Data excerpts below:

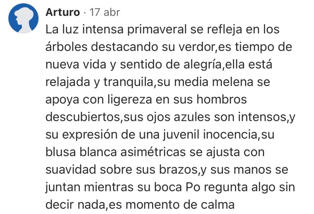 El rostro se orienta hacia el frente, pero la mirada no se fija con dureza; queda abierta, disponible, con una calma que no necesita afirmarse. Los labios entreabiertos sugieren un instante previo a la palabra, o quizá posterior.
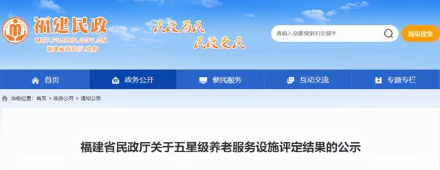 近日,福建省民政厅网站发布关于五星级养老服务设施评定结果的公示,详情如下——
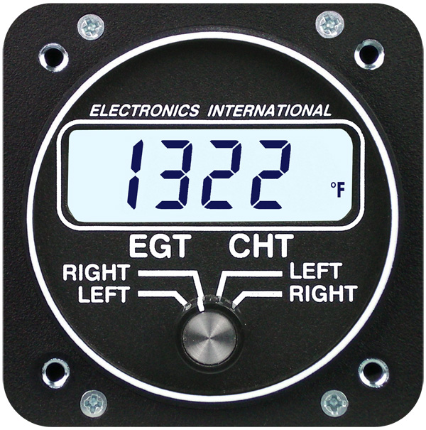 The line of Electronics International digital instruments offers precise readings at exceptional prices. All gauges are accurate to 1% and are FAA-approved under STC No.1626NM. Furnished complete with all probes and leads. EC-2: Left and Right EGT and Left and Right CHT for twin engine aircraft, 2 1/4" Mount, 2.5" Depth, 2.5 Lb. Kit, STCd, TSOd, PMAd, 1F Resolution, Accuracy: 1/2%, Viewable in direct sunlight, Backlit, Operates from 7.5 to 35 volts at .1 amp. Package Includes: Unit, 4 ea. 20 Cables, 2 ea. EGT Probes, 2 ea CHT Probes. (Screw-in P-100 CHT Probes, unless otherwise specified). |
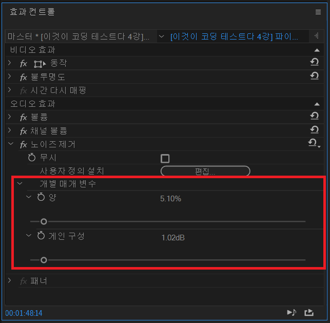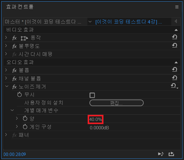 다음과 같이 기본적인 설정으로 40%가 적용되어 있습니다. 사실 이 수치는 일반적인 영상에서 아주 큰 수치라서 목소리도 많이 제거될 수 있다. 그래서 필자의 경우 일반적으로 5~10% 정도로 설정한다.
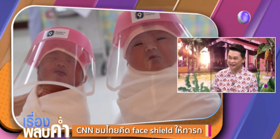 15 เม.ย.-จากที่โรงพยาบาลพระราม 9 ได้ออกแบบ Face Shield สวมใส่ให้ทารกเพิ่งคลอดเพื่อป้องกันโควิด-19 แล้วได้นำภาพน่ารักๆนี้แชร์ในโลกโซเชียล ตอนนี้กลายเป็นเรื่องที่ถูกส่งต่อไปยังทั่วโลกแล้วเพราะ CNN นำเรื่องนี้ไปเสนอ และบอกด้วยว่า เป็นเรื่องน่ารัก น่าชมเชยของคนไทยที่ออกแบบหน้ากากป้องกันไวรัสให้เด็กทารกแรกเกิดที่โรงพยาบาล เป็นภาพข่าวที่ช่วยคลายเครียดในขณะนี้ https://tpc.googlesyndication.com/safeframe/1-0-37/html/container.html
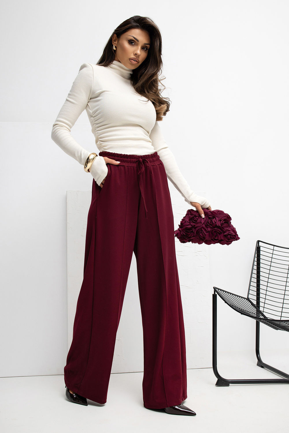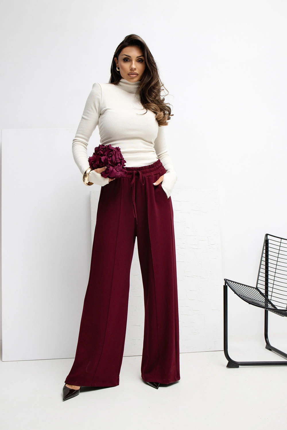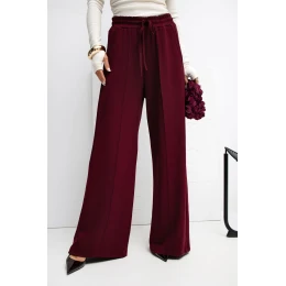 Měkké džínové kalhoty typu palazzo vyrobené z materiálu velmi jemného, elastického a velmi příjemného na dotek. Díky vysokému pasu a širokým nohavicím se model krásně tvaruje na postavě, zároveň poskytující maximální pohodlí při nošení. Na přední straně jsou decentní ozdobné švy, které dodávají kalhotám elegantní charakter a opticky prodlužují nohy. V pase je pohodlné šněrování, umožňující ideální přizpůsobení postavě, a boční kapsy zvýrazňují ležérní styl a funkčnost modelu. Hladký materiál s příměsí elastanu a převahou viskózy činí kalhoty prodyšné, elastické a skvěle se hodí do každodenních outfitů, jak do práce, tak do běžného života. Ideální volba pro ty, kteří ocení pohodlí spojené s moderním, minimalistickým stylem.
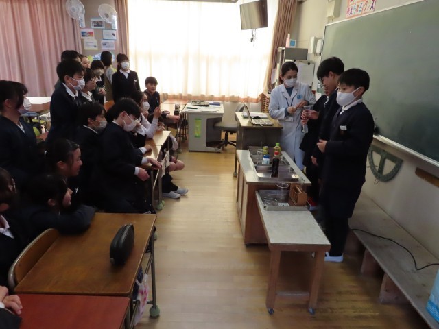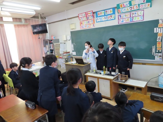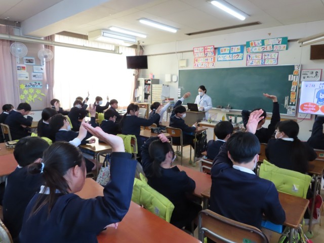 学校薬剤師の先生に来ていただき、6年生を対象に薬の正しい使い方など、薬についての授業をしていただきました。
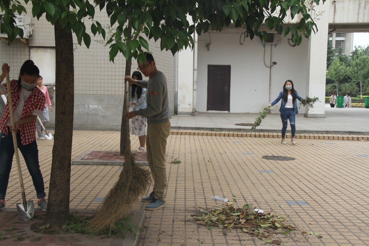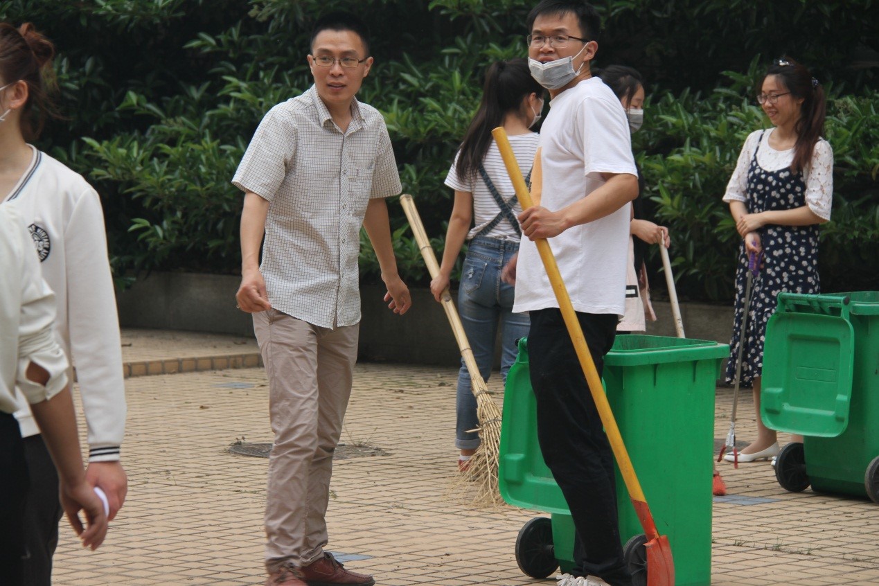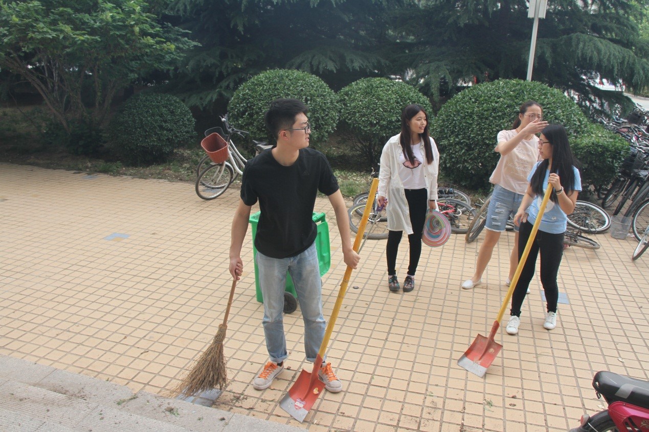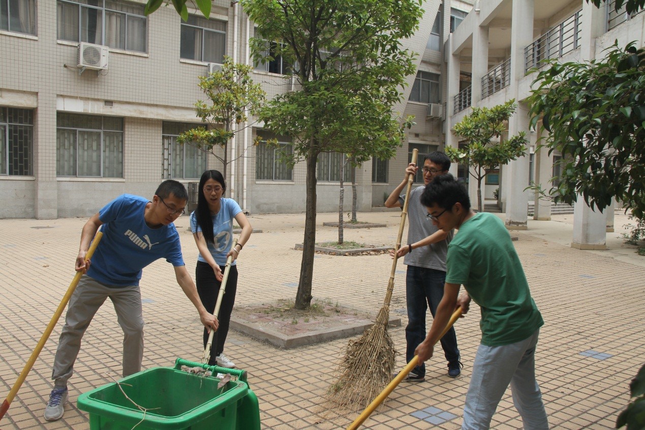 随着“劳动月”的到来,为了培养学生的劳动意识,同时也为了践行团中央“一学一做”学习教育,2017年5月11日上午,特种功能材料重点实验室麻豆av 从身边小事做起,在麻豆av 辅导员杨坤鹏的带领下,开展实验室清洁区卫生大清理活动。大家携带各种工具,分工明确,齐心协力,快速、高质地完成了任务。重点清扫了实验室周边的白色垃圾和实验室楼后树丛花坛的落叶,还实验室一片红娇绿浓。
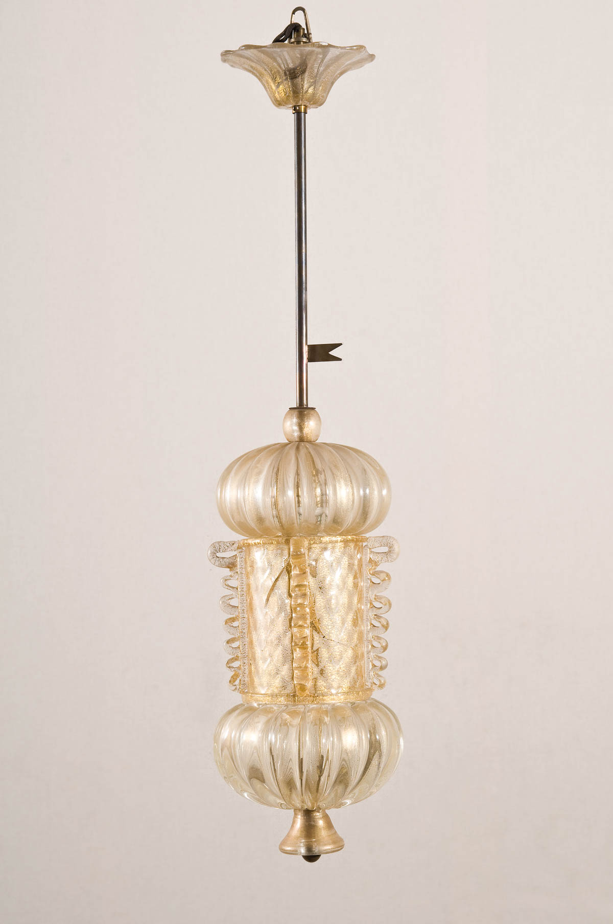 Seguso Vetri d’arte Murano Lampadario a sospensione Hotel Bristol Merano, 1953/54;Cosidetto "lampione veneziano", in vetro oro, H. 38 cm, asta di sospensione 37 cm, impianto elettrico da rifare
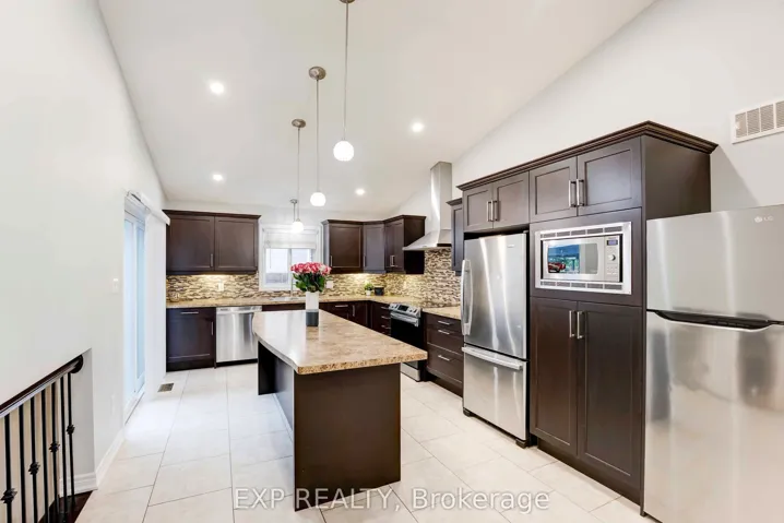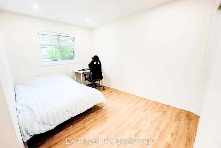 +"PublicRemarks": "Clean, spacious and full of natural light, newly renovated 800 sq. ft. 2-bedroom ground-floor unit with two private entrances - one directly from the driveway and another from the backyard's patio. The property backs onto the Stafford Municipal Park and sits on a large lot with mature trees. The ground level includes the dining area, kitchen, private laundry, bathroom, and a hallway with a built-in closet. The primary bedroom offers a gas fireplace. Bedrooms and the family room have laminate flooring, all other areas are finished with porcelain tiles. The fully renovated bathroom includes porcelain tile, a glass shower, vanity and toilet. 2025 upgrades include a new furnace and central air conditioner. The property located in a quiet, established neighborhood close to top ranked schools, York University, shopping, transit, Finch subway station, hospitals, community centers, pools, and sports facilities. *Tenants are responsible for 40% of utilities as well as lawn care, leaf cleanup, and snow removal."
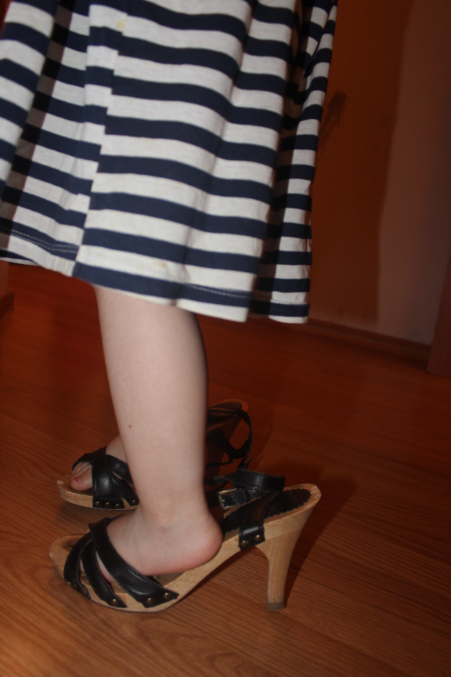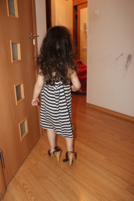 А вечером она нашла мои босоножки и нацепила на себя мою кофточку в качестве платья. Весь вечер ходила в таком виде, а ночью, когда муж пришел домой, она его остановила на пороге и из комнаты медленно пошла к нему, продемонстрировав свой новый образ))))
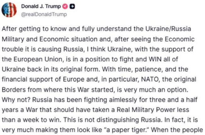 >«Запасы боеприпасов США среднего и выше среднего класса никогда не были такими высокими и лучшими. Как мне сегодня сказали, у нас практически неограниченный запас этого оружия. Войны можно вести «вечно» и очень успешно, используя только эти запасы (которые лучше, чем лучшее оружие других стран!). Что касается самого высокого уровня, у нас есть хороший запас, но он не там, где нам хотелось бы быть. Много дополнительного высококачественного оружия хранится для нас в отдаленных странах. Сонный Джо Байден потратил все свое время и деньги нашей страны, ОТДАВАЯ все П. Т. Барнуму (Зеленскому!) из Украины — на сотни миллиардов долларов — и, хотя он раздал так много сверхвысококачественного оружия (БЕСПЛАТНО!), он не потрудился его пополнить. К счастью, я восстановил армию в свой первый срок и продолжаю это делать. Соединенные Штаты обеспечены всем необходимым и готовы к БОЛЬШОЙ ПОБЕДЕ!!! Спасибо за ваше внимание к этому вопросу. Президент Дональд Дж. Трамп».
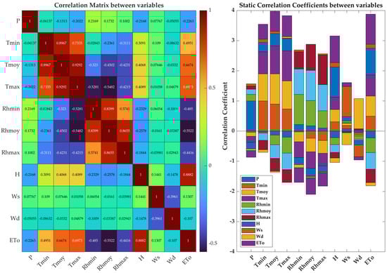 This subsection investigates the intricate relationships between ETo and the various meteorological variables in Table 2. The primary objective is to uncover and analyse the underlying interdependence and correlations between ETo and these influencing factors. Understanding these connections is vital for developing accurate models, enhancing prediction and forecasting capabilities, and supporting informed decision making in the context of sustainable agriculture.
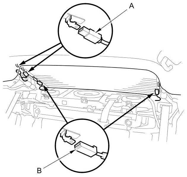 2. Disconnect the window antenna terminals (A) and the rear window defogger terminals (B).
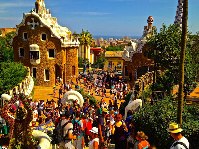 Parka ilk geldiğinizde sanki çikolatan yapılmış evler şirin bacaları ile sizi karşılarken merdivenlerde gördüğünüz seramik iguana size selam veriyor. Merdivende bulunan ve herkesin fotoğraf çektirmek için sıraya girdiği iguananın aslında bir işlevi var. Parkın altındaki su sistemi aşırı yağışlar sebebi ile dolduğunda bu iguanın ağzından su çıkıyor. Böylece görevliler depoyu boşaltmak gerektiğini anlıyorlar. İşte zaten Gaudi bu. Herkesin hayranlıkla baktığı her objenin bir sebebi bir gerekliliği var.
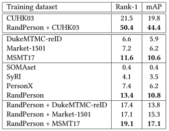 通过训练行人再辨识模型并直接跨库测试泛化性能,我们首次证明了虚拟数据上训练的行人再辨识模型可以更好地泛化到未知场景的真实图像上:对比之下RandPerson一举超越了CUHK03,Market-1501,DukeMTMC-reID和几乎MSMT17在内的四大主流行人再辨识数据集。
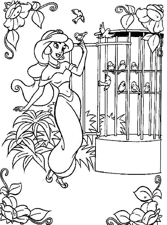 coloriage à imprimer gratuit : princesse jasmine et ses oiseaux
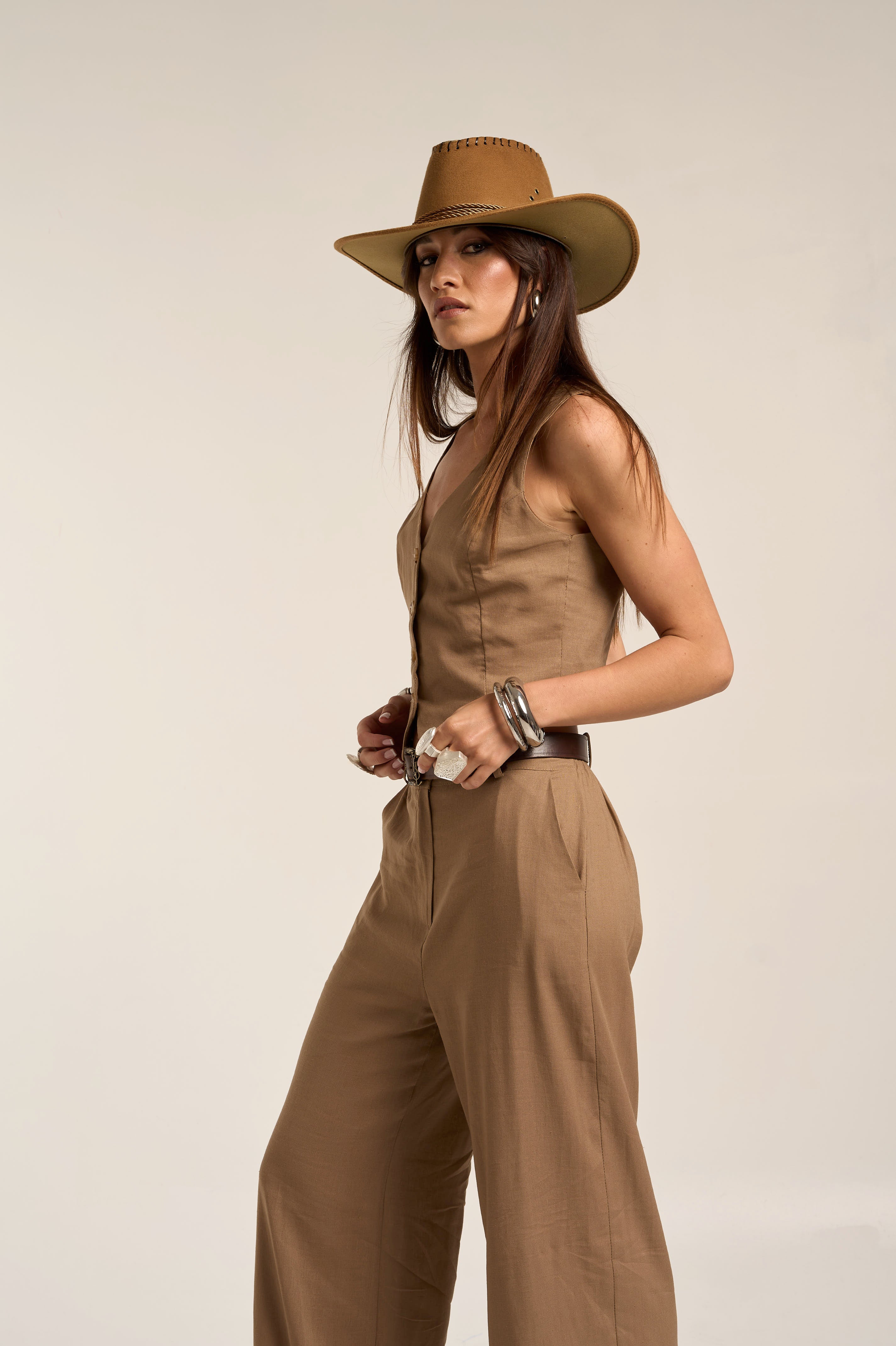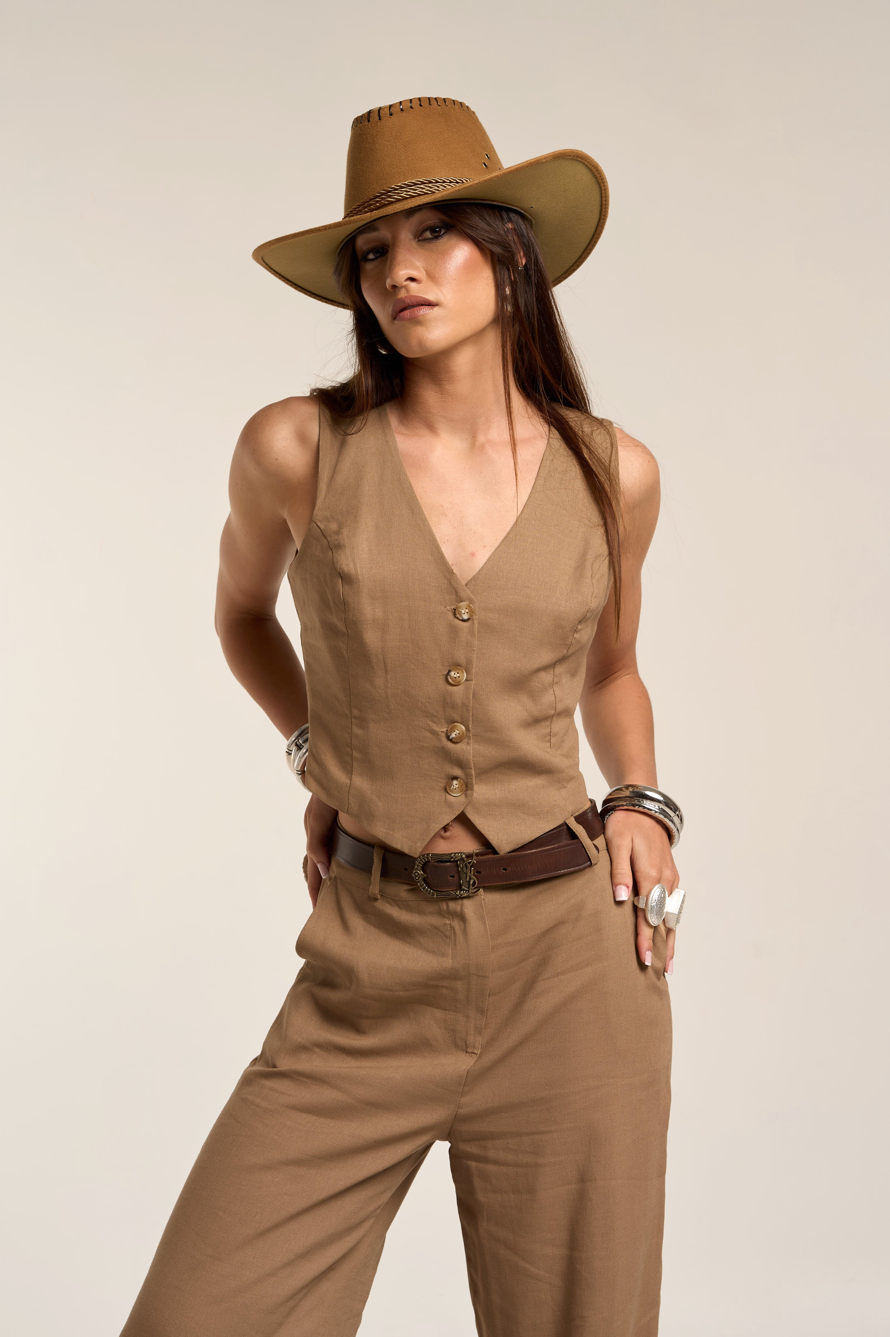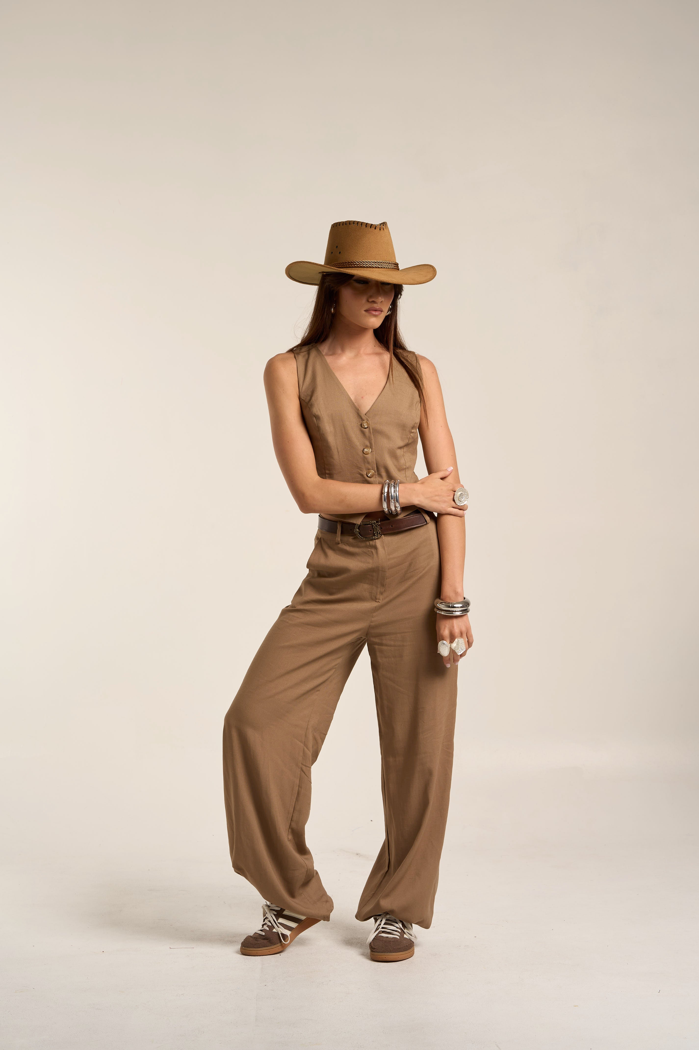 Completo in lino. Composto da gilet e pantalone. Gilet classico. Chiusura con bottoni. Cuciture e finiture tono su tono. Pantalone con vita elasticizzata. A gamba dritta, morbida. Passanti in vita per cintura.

End of Data excerpts.

◆ Directions for this task
Word for word, repeat the lines above from the one with "다음과 같이 기본적인" through the one with "15 เม.ย.-จากที่โรงพยาบาลพระราม 9", and nothing beyond them. Omit the pictures.

◆ Result for this task
 다음과 같이 기본적인 설정으로 40%가 적용되어 있습니다. 사실 이 수치는 일반적인 영상에서 아주 큰 수치라서 목소리도 많이 제거될 수 있다. 그래서 필자의 경우 일반적으로 5~10% 정도로 설정한다.
 15 เม.ย.-จากที่โรงพยาบาลพระราม 9 ได้ออกแบบ Face Shield สวมใส่ให้ทารกเพิ่งคลอดเพื่อป้องกันโควิด-19 แล้วได้นำภาพน่ารักๆนี้แชร์ในโลกโซเชียล ตอนนี้กลายเป็นเรื่องที่ถูกส่งต่อไปยังทั่วโลกแล้วเพราะ CNN นำเรื่องนี้ไปเสนอ และบอกด้วยว่า เป็นเรื่องน่ารัก น่าชมเชยของคนไทยที่ออกแบบหน้ากากป้องกันไวรัสให้เด็กทารกแรกเกิดที่โรงพยาบาล เป็นภาพข่าวที่ช่วยคลายเครียดในขณะนี้ https://tpc.googlesyndication.com/safeframe/1-0-37/html/container.html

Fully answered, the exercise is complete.